**GIVEN INFORMATION:**
· · · ·
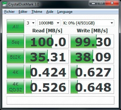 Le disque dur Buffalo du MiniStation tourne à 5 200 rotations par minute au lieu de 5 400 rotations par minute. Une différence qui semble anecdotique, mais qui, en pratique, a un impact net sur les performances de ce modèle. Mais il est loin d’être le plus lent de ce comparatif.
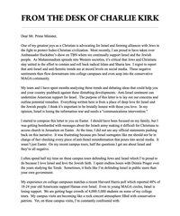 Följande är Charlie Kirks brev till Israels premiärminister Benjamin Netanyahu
· · · ·
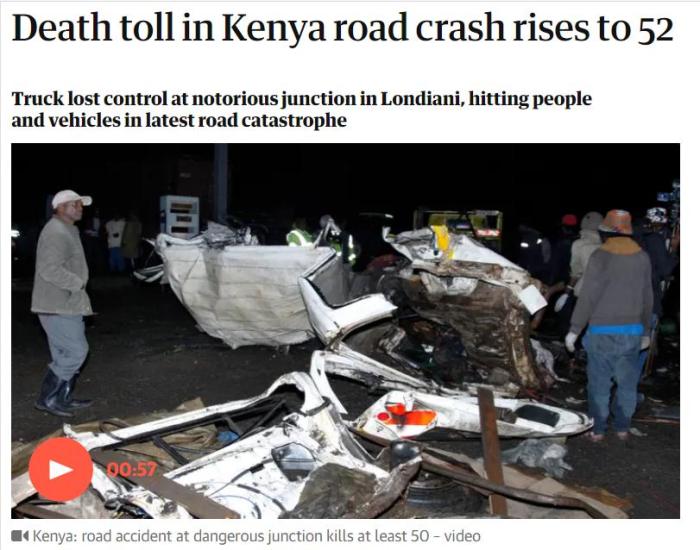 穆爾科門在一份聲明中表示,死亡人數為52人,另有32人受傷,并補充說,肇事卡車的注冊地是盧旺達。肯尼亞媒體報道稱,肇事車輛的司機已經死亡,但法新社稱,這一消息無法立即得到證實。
· · · ·
**WHAT YOU SHOULD DO:** Beginning with the line above that contains "Le disque dur" and ending with the line that contains "Följande är Charlie", quote each line exactly, keeping out the pictures.

**SOLVED PROBLEM:**
 Le disque dur Buffalo du MiniStation tourne à 5 200 rotations par minute au lieu de 5 400 rotations par minute. Une différence qui semble anecdotique, mais qui, en pratique, a un impact net sur les performances de ce modèle. Mais il est loin d’être le plus lent de ce comparatif.
 Följande är Charlie Kirks brev till Israels premiärminister Benjamin Netanyahu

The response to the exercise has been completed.